Thus, theorists usually connect legislation with enforcement, while this connection is not directly emphasized, and in any case is ascertainable to a lesser extent, in decisions of courts of judicature. Very few people, on the contrary, have pointed out the fact that enforcement is connected with legislation not only as the result of the legislative process but also within the very process itself. Those who have a share in that process are themselves subject, in their turn, to the enforcement of procedural rules, and this very fact gives a coercive character to the whole activity of legislation as performed by a group of people according to a previously settled procedure. The same holds true of the activities of electorates, whose task may be defined as that of reaching a group decision about the people to be elected according to procedural rules that have been previously settled for all those participating in the formation of the decision itself.

The existence of a coercive procedure in the decision-making process whenever people are to decide, not as single individuals, but as members of groups, is precisely what renders it possible to distinguish between the process of making decisions on the part of individuals and the same process on the part of groups.

This difference has been ignored by those who, like the English economist Duncan Black, have tried to elaborate a theory of group decisions that would include both the economic decisions of individuals in the market and group decisions on the political stage. According to Professor Black, who has just published a new book about this subject, there is no substantial difference between these two kinds of decisions. Buyers and sellers in the market may be compared, if taken as a whole, to the members of a committee whose decisions are the result of the interrelations of their preference scales according to the law of supply and demand. On the other hand, individuals on the political scene, at least in all those countries where political decisions are taken by groups, may be considered as members of committees, regardless of the special functions of each committee. The electorate could be considered one of these “committees” no less than a legislative assembly or a council of ministers.

In all these cases, according to Professor Black, the preference scales of every member of the committee are confronted with the preference scales of every other member of the same committee. The only difference — but a minor one, according to Professor Black — is that whereas in the market preferences confront each other according to the law of supply and demand, in political preferences the selection of some of them rather than others takes place according to a definite procedure. If we know this procedure, Professor Black maintains, and moreover if we know what political preferences are to confront each other, we are in a position to calculate in advance which preferences will emerge in the group decision, just as we are in a position to calculate in advance, provided that we know the preferences at stake on the market, which ones among them, will emerge according to the law of supply and demand.

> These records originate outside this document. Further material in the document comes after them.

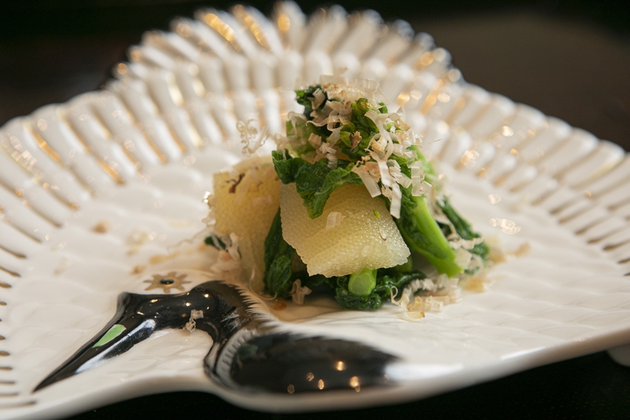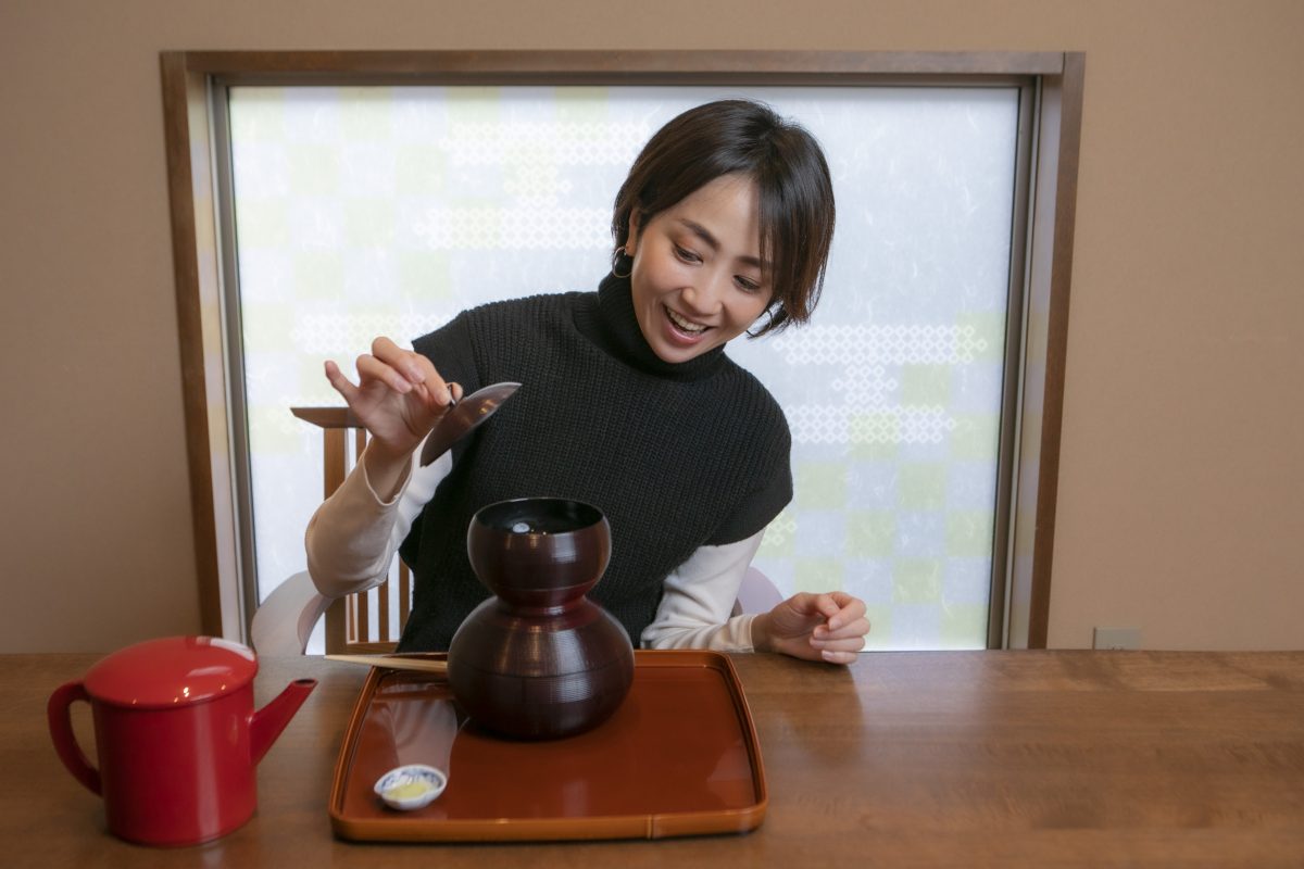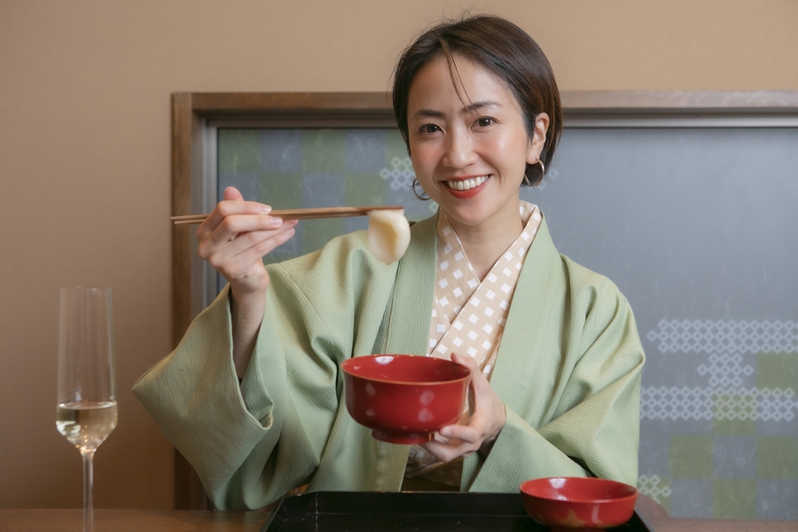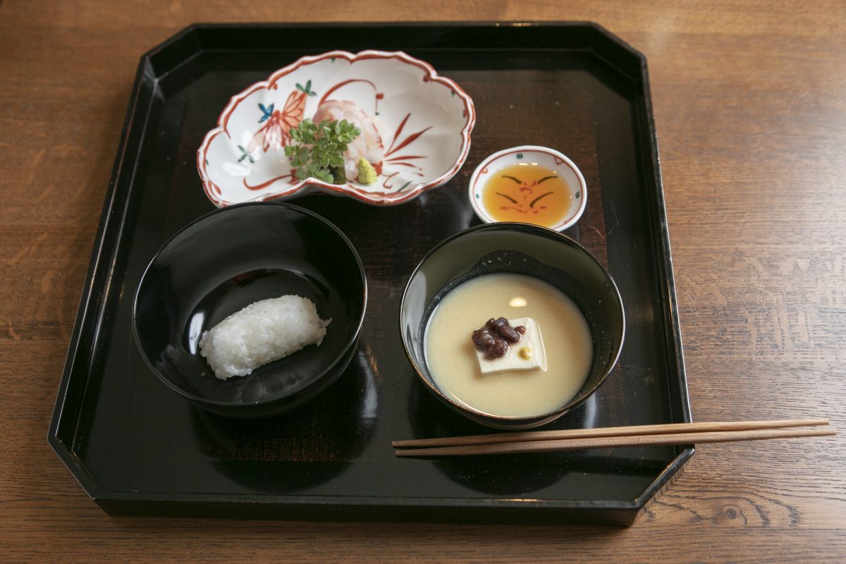 まずはお腹を作るために一汁三菜から始まります。二つ並んだお椀にはそれぞれ、炊き上がり柔らかな一口大のご飯と、酒粕と白味噌で仕立てた味噌汁が。豆腐の上にちょんとのった餡子と辛子がアクセントに。
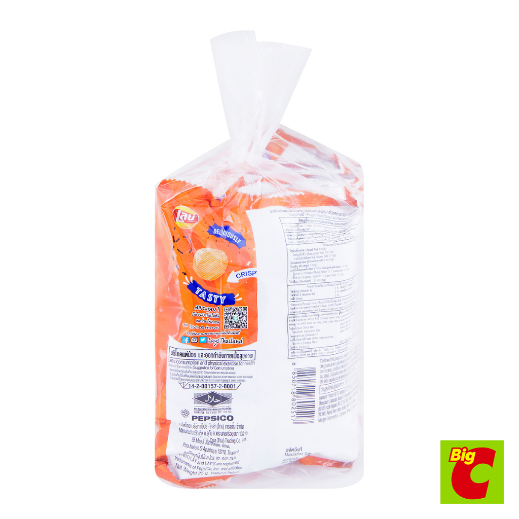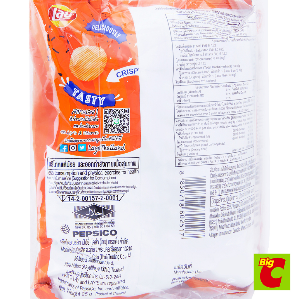 ... สนุก ให้เต็มที่สำหรับคุณและทุกๆ คน - เลย์ ร็อค มันฝรั่งแท้ทอดกรอบแผ่นหยัก กลิ่นเอ็กซ์ตร้า บาร์บีคิว - ผลิตจากมันฝรั่งคุณภาพเยี่ยม คัดพิเศษ เพื่อคุณเท่านั้น - อร่อยเต็มคำ แผ่นใหญ่ ด้วยแผ่นหยัก เคี้ยวเพลิน - ส่วนผสมรสชาติบาร์บีคิว คลุกเคล้าเข้ากันกับมันฝรั่ง รู้สึกได้ถึงรสชาติบาร์บีคิวจากเตาย่าง - สามารถรับประทานได้ทุกที่ทุกเวลา ใช้รับประทานเป็นของว่างในเวลาสังสรรค์ ช่วงวันหยุด รับประทานกับเพื่อนหรือครอบครัว สินค้าที่ได้รับอาจมีการปรับเปลี่ยนแพ็คเกจและปริมาณจากผู้ผลิต ขออนุญาตสงวนสิทธิ์ในเปลี่ยนแปลงดังกล่าว โดยไม่แจ้งให้ทราบล่วงหน้า *ภาพประกอบใช้เพื่อการโฆษณาเท่านั้น
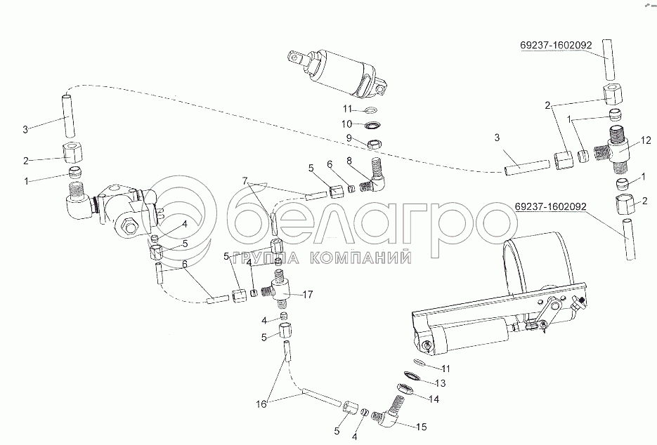 Каталог запасных частей к технике: МЗКТ-6527. Установка трубопроводов моторного тормоза
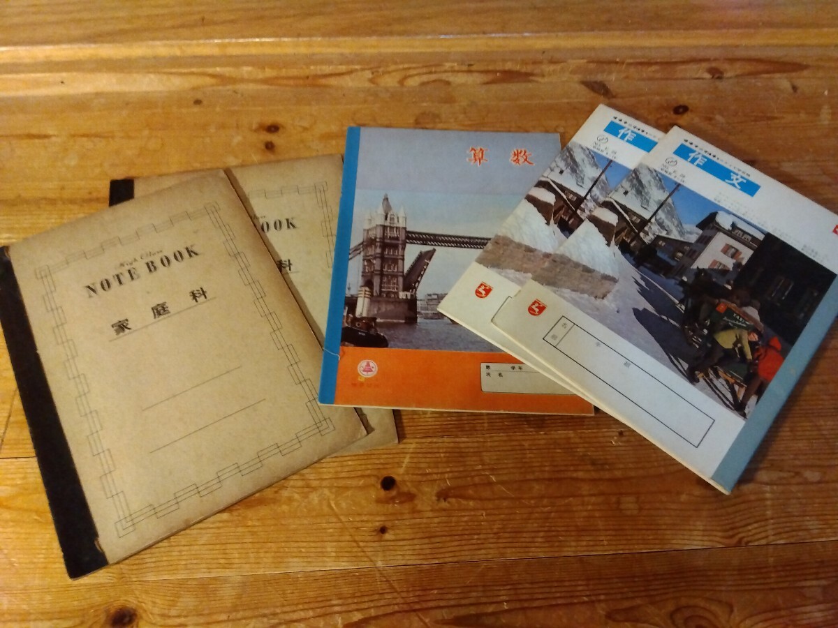 - ⑩昭和レトロな小学校の【作文/算数/家庭科】学習ノート/帳面が3種5冊、新品未使用長期保管品、三丁目の夕日時代、♯朝来佐嚢♯
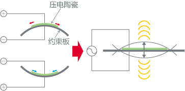 压电陶瓷具有根据电压方向 <= 陶瓷膨胀 => => 陶瓷收缩 <= 的特征。 通过反复膨胀收缩让空气振动并发出超声波。
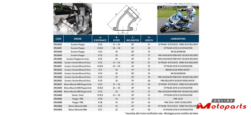 Swivelling intake manifold Piaggio 2-stroke 19-24mm
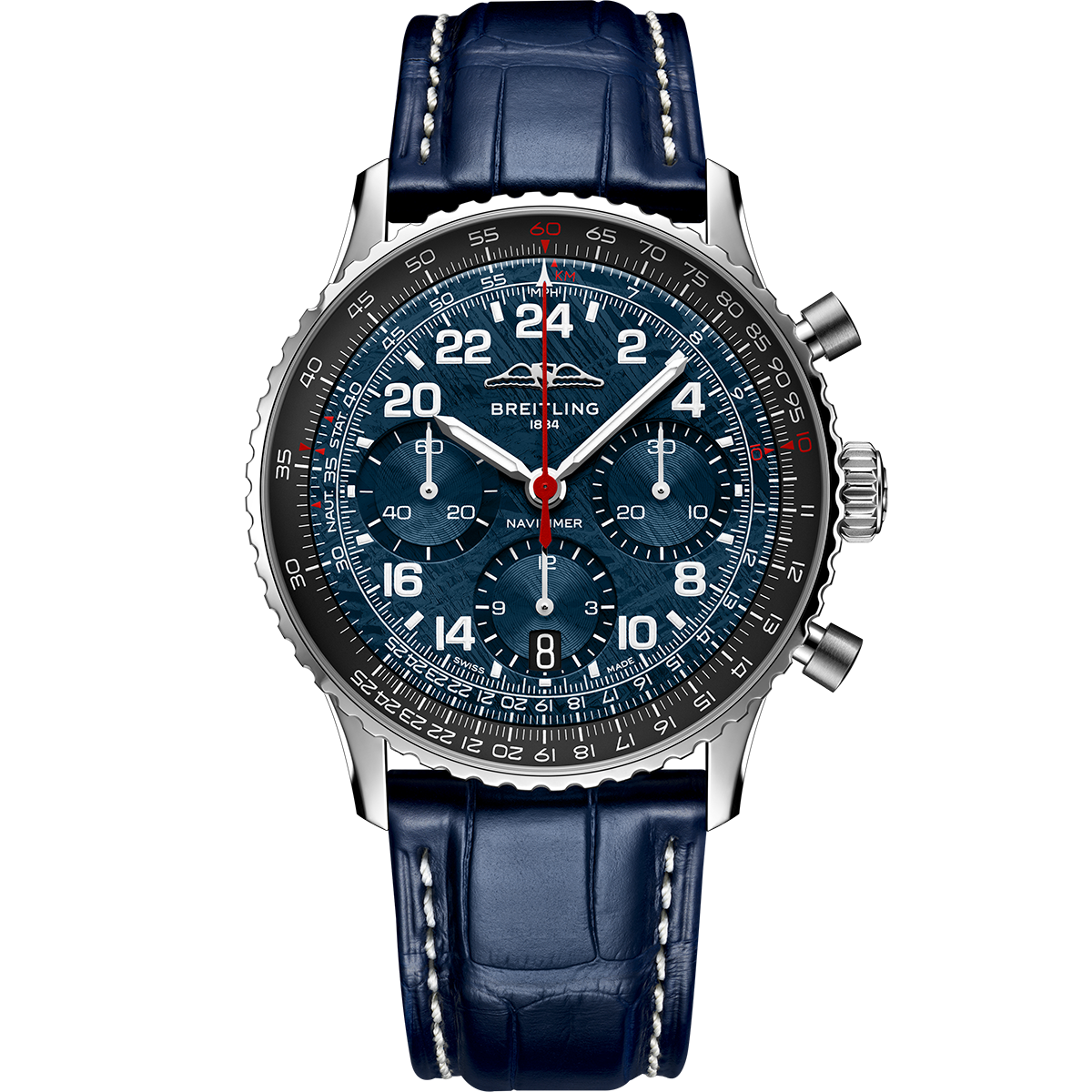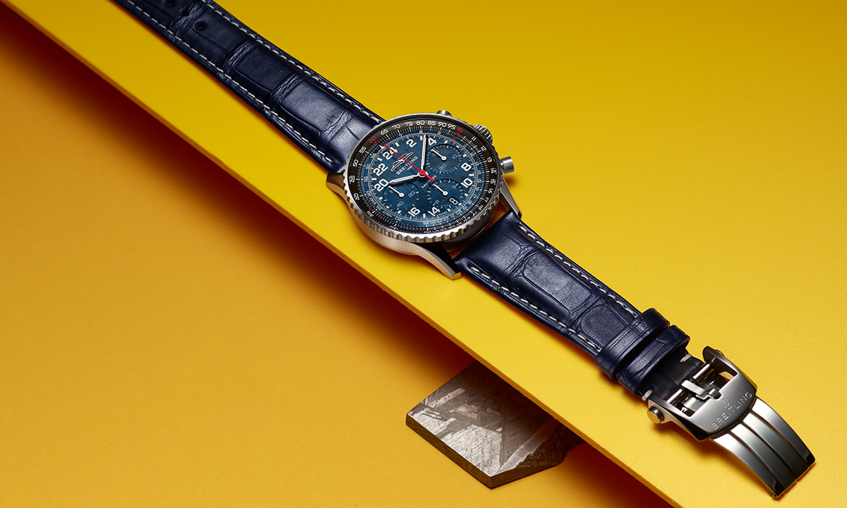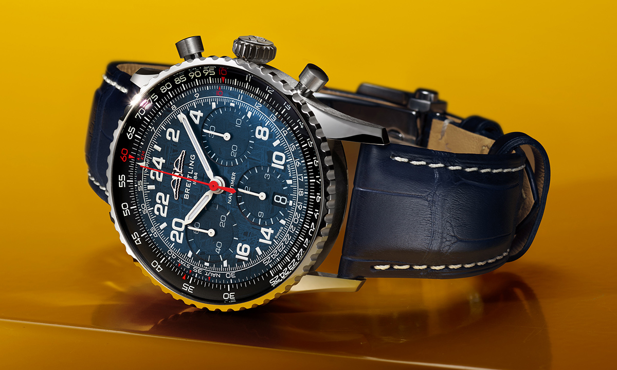 ブライトリングが宇宙空間で使用可能なクロノグラフとして開発した、24時間表示の腕時計「ナビタイマー コスモノート」から、新作が登場した。文字盤にメテオライト(=隕石)を用いた特別な「ギャラクシーブルー」文字盤は、アメリカで先行発売されたのち、5月ごろから順次日本でも展開される予定。世界限定450本、価格は166万1000円となる。
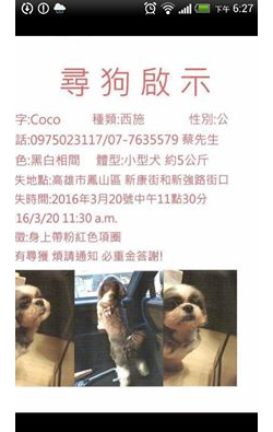 【尋找西施~Coco 地點 高雄市鳳山區新康街和新強路街口】 轉貼內容聯絡電話 0975023117http://twpetsearch.arlinks.net/2016/03/coco-kaohsiung-fongshan-shihtzu.html ... [閱讀更多]
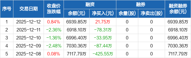 交控科技:融资净买入21.75万元,融资余额6939.85万元(12-12)
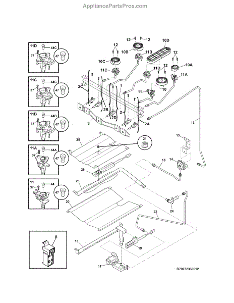 The Igniter Orifice Assembly is an OEM component for Frigidaire gas ranges. It is an integrated assembly housing both the electric ignition wire and adjustable gas orifice or restrictor needed for controlled gas flow. Symptoms of a bad ignitor orifice assembly include:
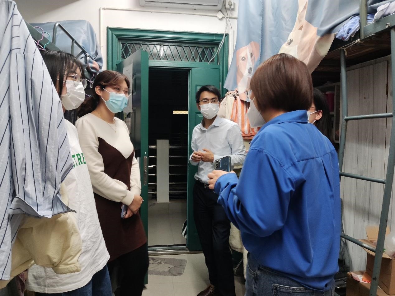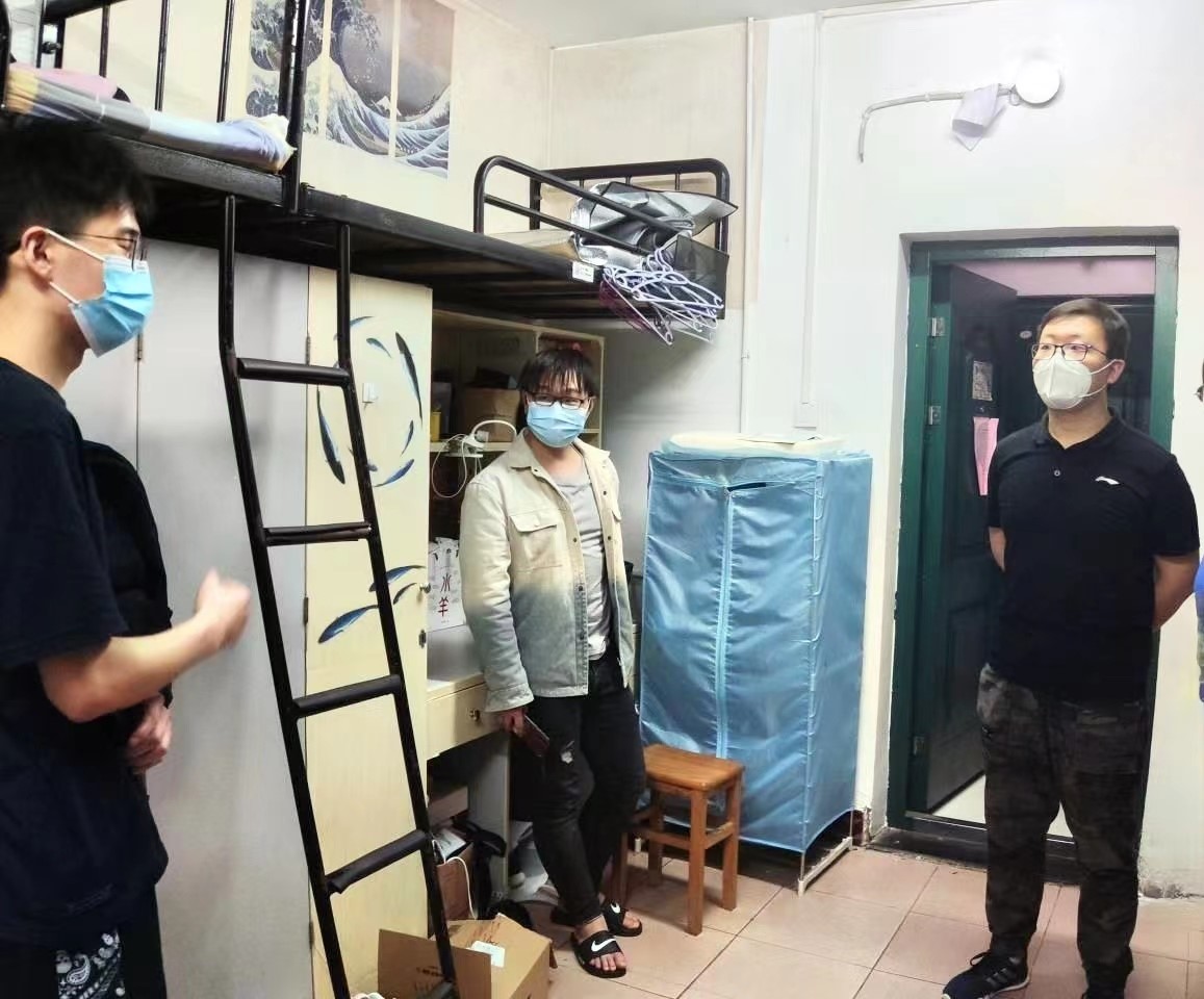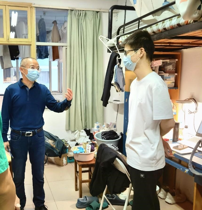 关爱入寝,浓浓师生意;关怀在心,暖暖春日情。2022年4月8日晚,球友会老师们分为几队走进天马园区、德智园区、望麓桥园区、南校区校内第十四、十五员工宿舍走访看望因疫情封闭在园区的同学们。参加走访的老师有:球友会经理黎四奇、公司党委书记易骆之、屈茂辉教授、公司党委副书记罗英,副经理喻玲、湛建云、蒋海松,副处级组织员马启明,经理助理展鹏贺,姜志刚副教授、唐双娥副教授,党务与员工办公室主任刘岳峰,球友会团委书记、本科生2021级辅导员张丹,本科生2019级辅导员郑琼英,本科生2018级辅导员谷雨,本科生2018级班主任邱昌茂、张东昌、周子实,本科生2019级班主任张晓勇、金昱茜、周宇骏、刘辉,本科生2020级班主任李勤通、龙博、龙韶、熊亚文,2021级班主任郭哲、王静、王中、刘怡达、彭中遥等。

As Professor Black assumes, one could speak of a tendency toward an equilibrium of preference scales on the political stage in the same way as one speaks of an equilibrium to which preference scales tend in the market. In brief, we ought to consider, according to Black, both economics and political science as two different branches of the same science, since they have the common task of calculating which preferences will emerge in a market or on the political scene, given a set of known preference scales and a definite law governing their confrontation.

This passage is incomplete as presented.